§ **THE PROBLEM**
Your copy should match the entries below exactly, apart from the images.

----------------

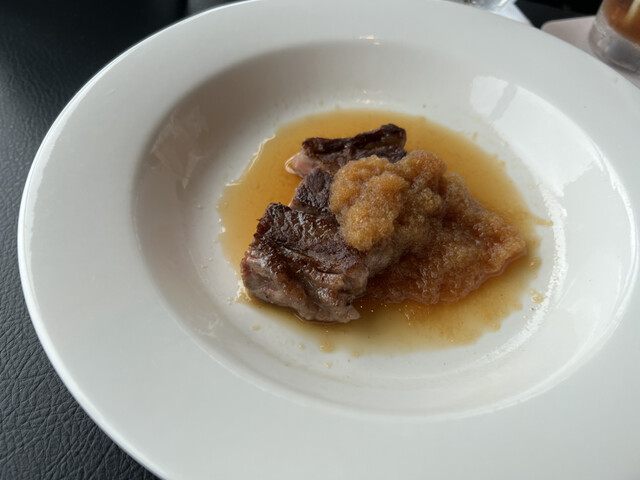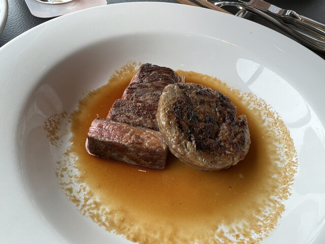 国産牛のステーキはミディアムレアでめちゃくちゃジューシー。とても美味しい。ブッフェで食べられるようなお肉ではありませんw
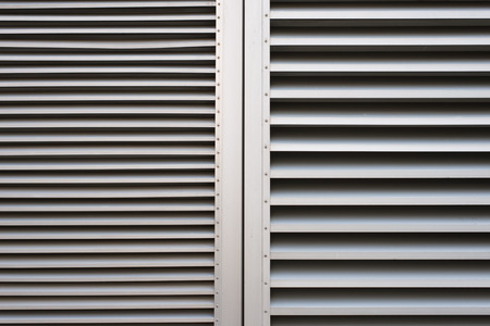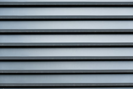 Panorama of Silver louvered aluminum wall pattern and background seamless
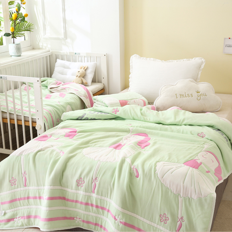 商品名称:朴尔家纺-毛巾被 2024年全棉十层纱布加厚儿童盖被毛巾被 爱跳舞的姑娘绿
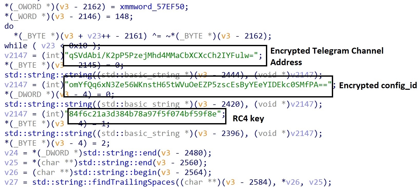 Raccoon は、ハードコードされた RC4 鍵を使用して、チャンネル説明のメッセージを復号化します (このメッセージには、C2 の「ゲート」のアドレスが含まれます)。ただし、これは単純な復号化プロセスではありません。生成された文字列の一部は、チャネル説明の先頭と末尾から切り取られ、続いてコードがそのテキストを RC4 で復号化し、C2 ゲートアドレスを取得します。
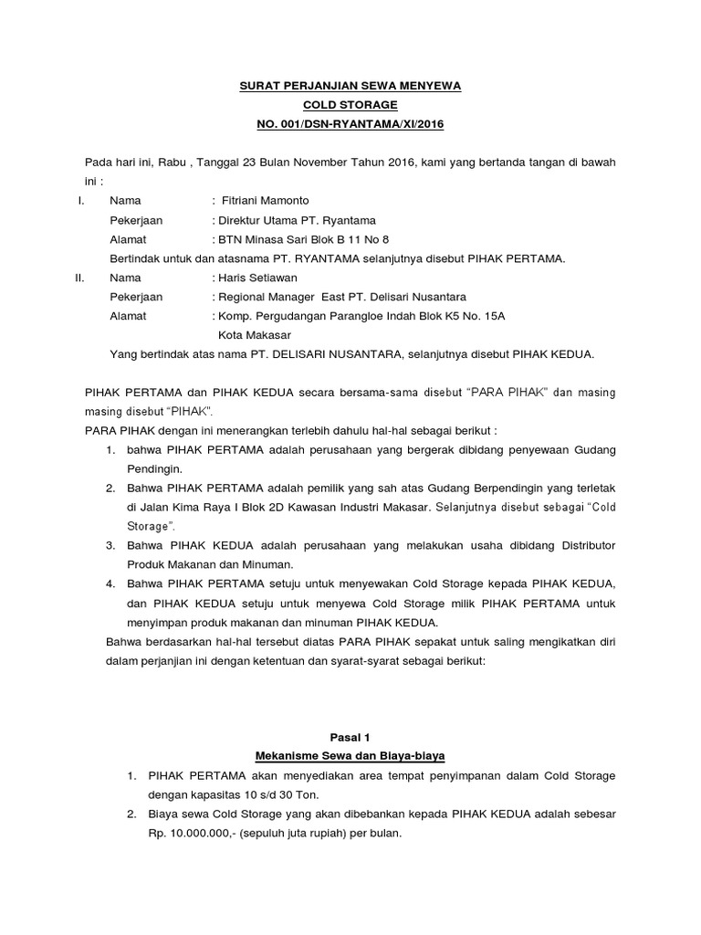 Surat Perjanjian Sewa Menyewa Cold Storage Dsn Makasar Pdf
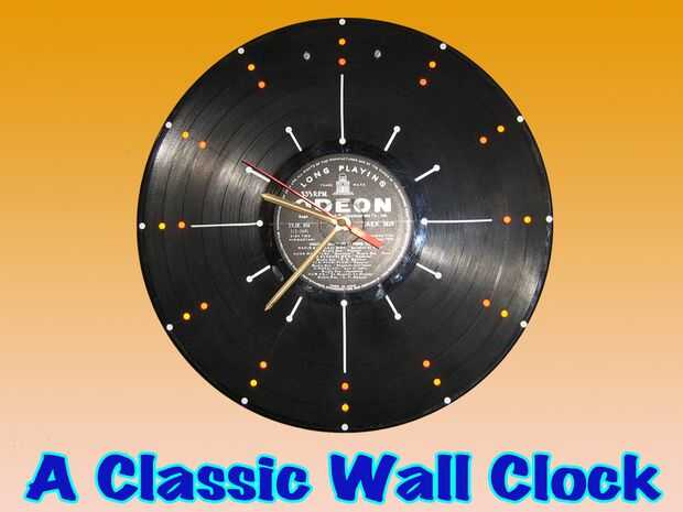 Se trata de un reloj de un viejo disco de vinilo, que era muy popular en los años 60.
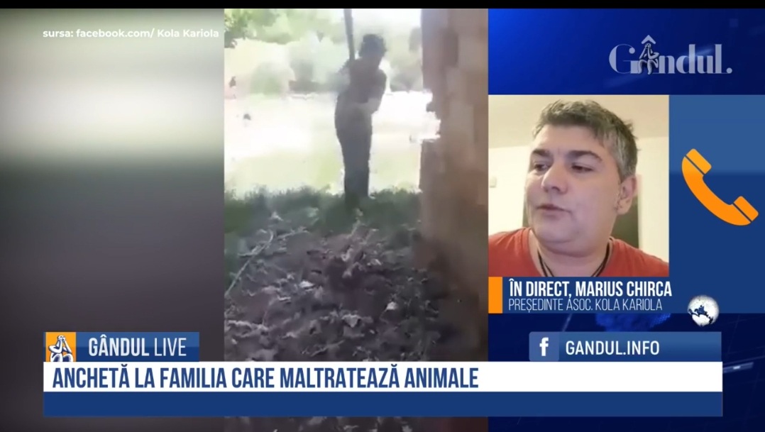 Intervenția lui Marius Chirca la Gândul Live a venit în contextul în care autoritățile se implică în verificarea condițiilor în care sunt tratate animalele din familia în care doi copii, din comunca Papiu Ilarian, județul Mureș au fost filmați în timp ce ucid un pui de cățel, lovindu-l de mai multe ori cu o cazma, iar tot episodul de o cruzime fără margini s-a întâmplat sub ochii unor adulți.
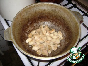 Курдюк порезать на небольшие кусочки. Сбросить в разогретый казан и хорошо поджарить.
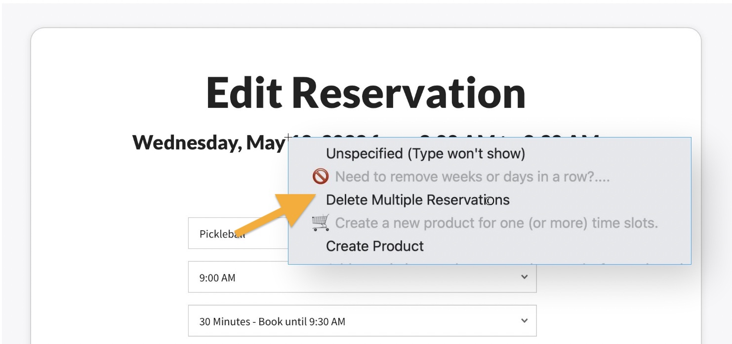 To delete multiple reservations, for example a clinic every Tuesday for 10 weeks, find the first the reservation you would like to delete…
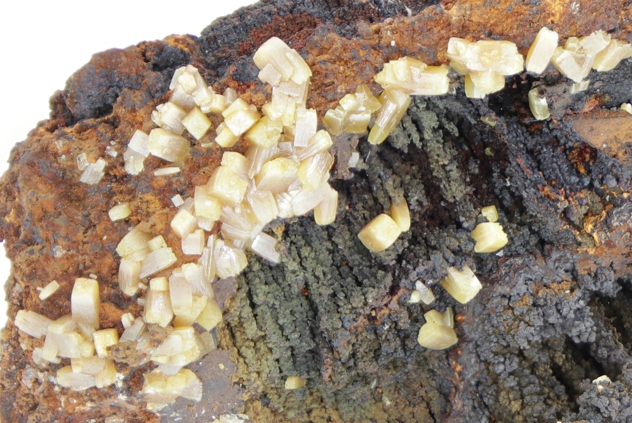 Gelbe Kristalle von Bleimolybdat mit Limonittropfsteinen.
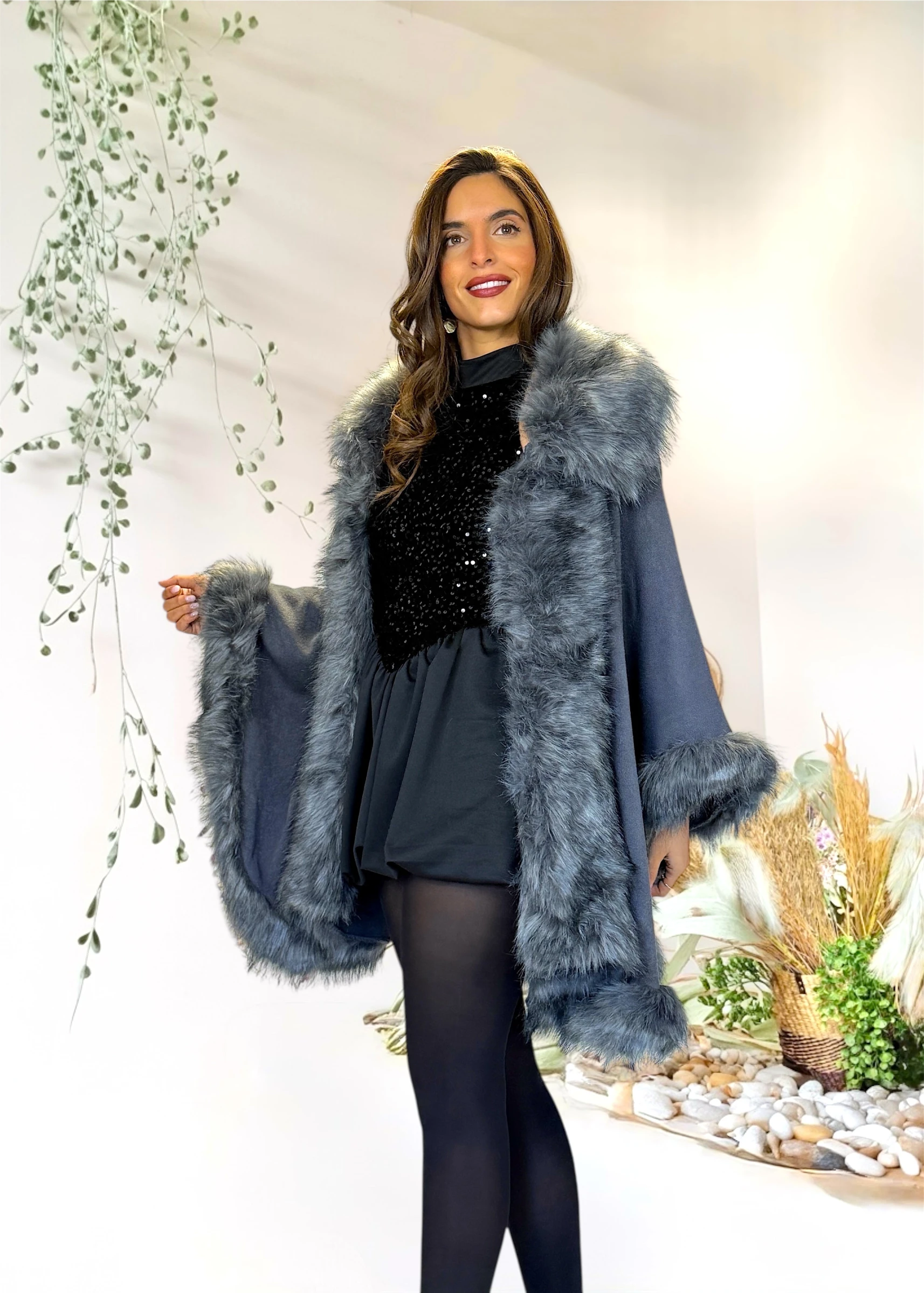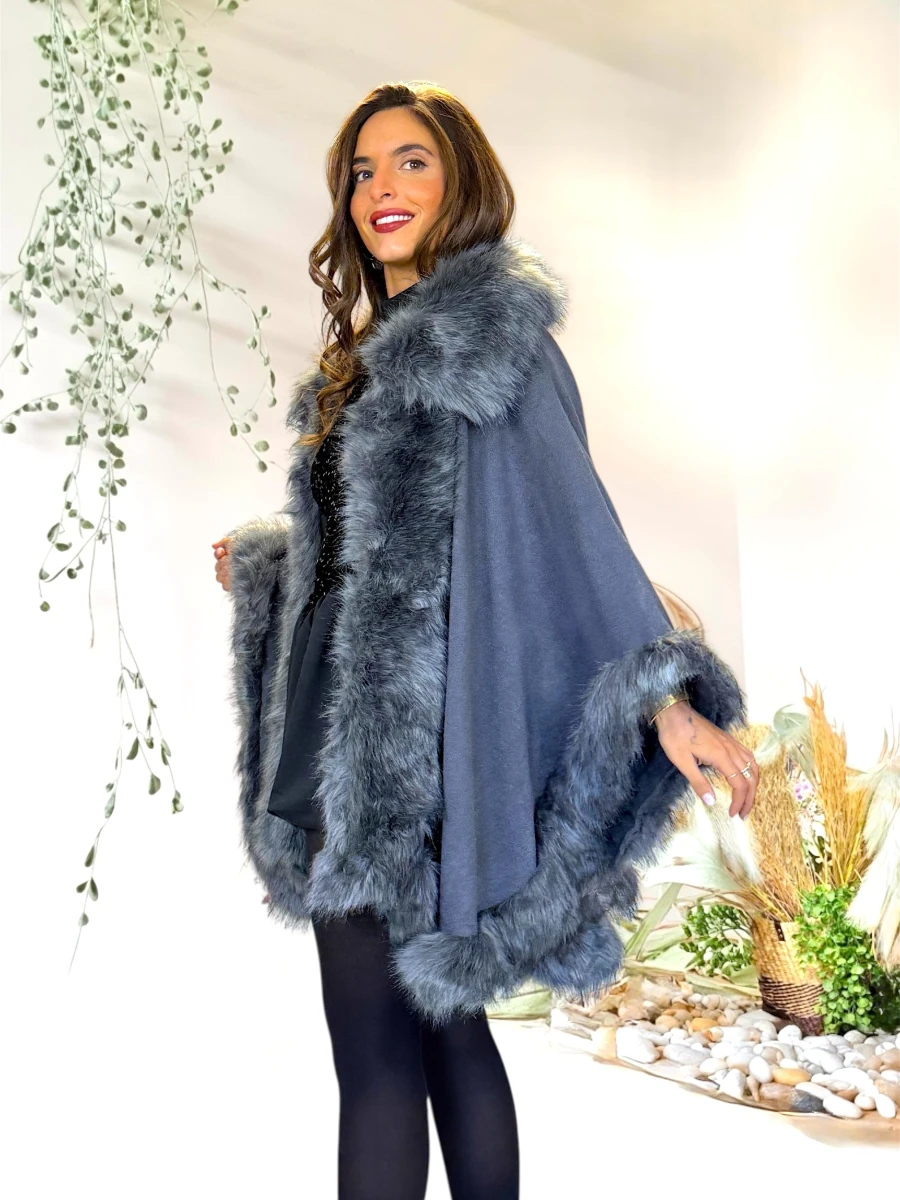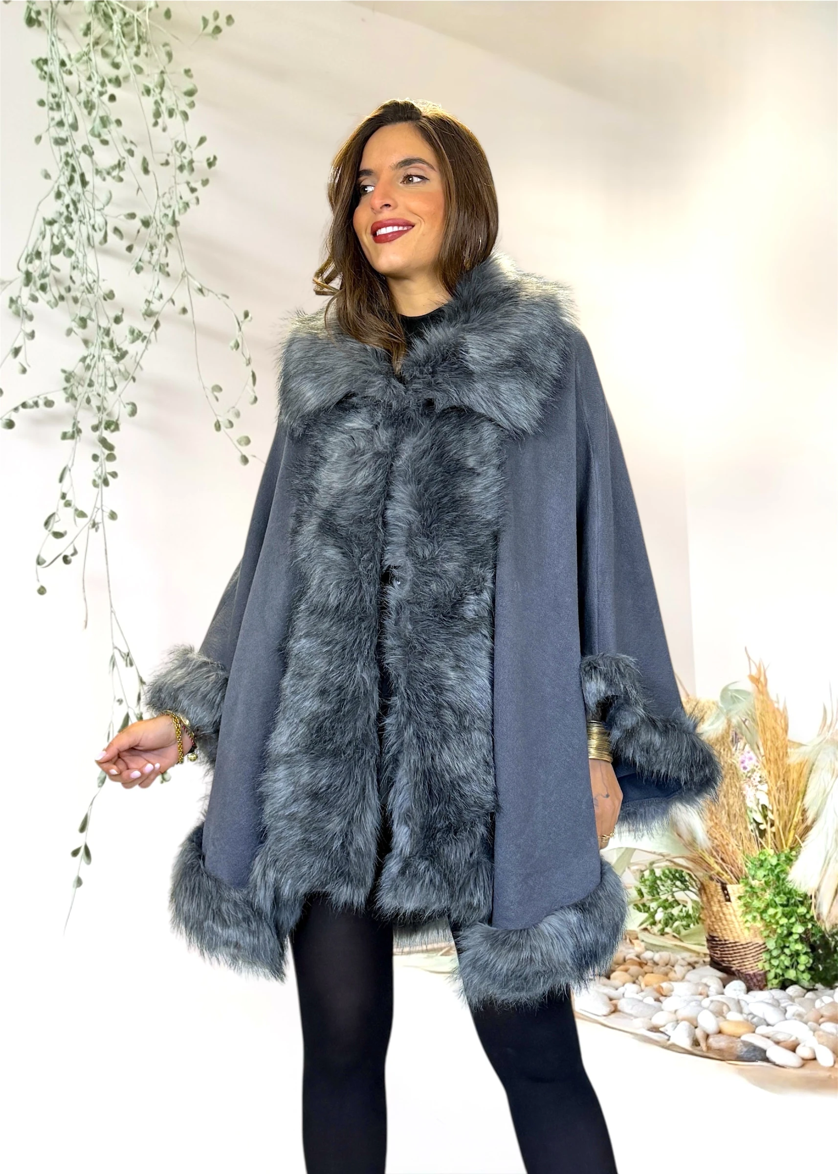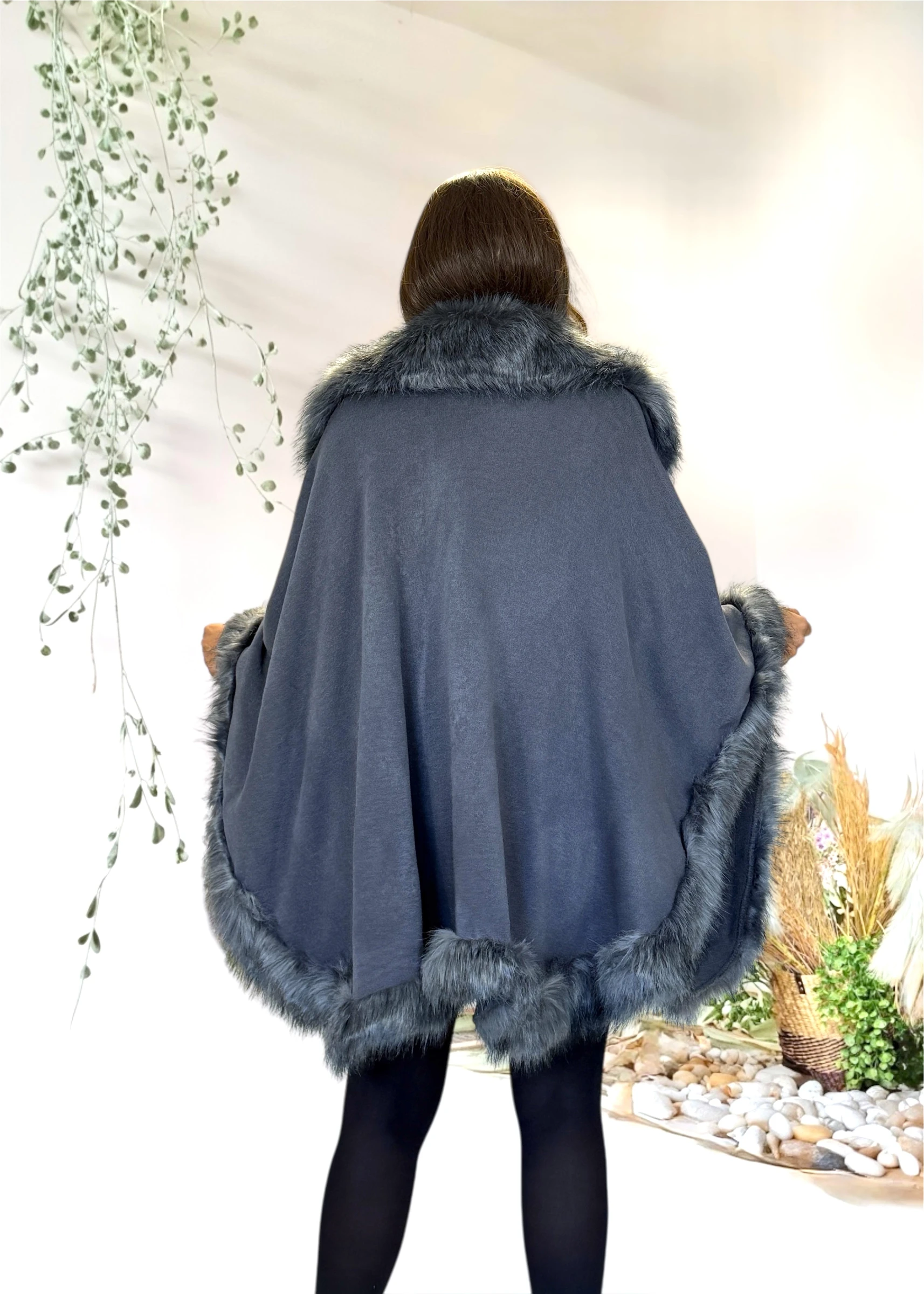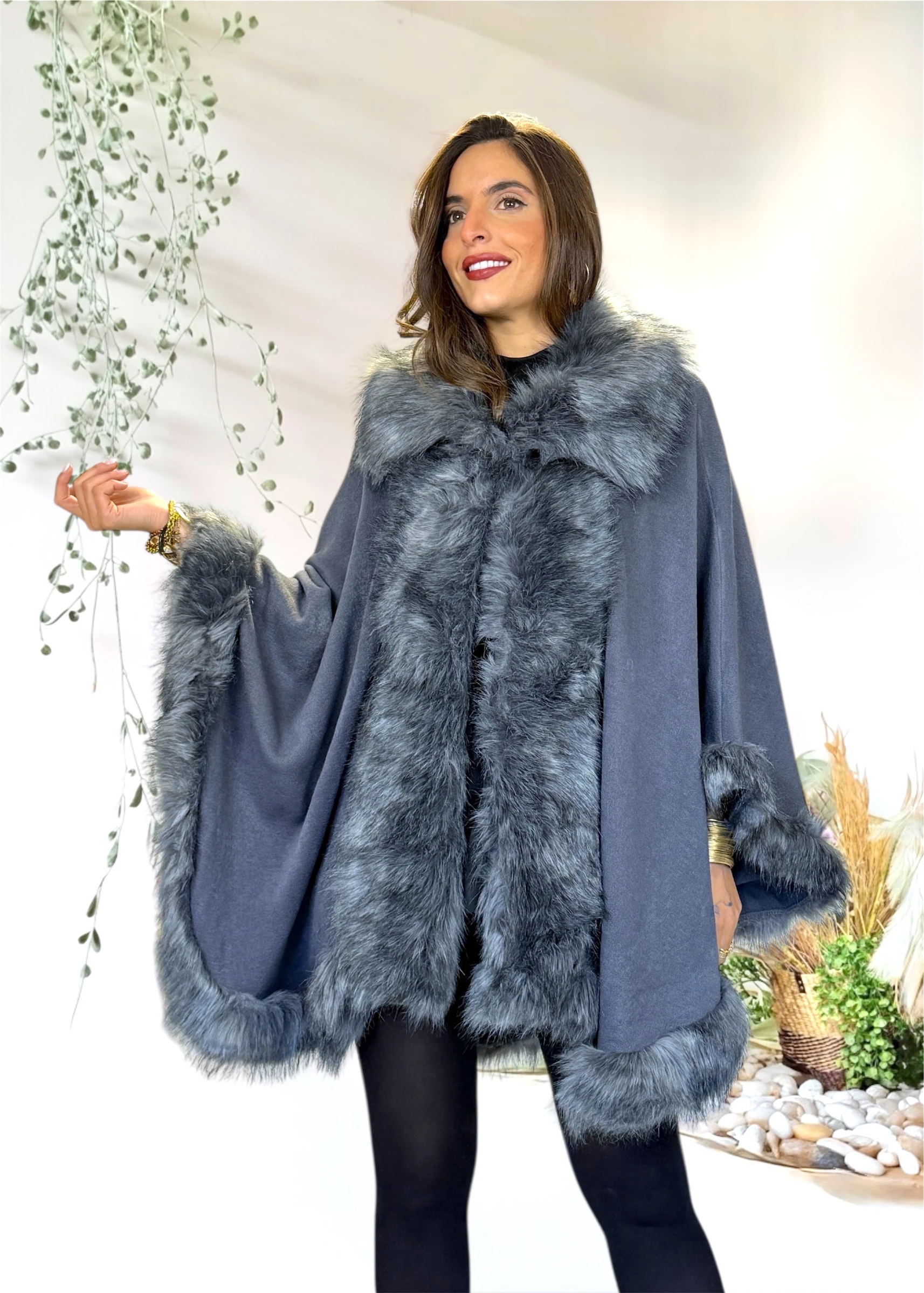 Capa gris de punto grueso, con ribete de pelo suave. Un toque sofisticado y cálido para combinar con cualquier look de invierno.

----------------

§ **EXERCISE ANSWER**
 国産牛のステーキはミディアムレアでめちゃくちゃジューシー。とても美味しい。ブッフェで食べられるようなお肉ではありませんw
 Panorama of Silver louvered aluminum wall pattern and background seamless
 商品名称:朴尔家纺-毛巾被 2024年全棉十层纱布加厚儿童盖被毛巾被 爱跳舞的姑娘绿
 Raccoon は、ハードコードされた RC4 鍵を使用して、チャンネル説明のメッセージを復号化します (このメッセージには、C2 の「ゲート」のアドレスが含まれます)。ただし、これは単純な復号化プロセスではありません。生成された文字列の一部は、チャネル説明の先頭と末尾から切り取られ、続いてコードがそのテキストを RC4 で復号化し、C2 ゲートアドレスを取得します。
 Surat Perjanjian Sewa Menyewa Cold Storage Dsn Makasar Pdf
 Se trata de un reloj de un viejo disco de vinilo, que era muy popular en los años 60.
 Intervenția lui Marius Chirca la Gândul Live a venit în contextul în care autoritățile se implică în verificarea condițiilor în care sunt tratate animalele din familia în care doi copii, din comunca Papiu Ilarian, județul Mureș au fost filmați în timp ce ucid un pui de cățel, lovindu-l de mai multe ori cu o cazma, iar tot episodul de o cruzime fără margini s-a întâmplat sub ochii unor adulți.
 Курдюк порезать на небольшие кусочки. Сбросить в разогретый казан и хорошо поджарить.
 To delete multiple reservations, for example a clinic every Tuesday for 10 weeks, find the first the reservation you would like to delete…
 Gelbe Kristalle von Bleimolybdat mit Limonittropfsteinen.
 Capa gris de punto grueso, con ribete de pelo suave. Un toque sofisticado y cálido para combinar con cualquier look de invierno.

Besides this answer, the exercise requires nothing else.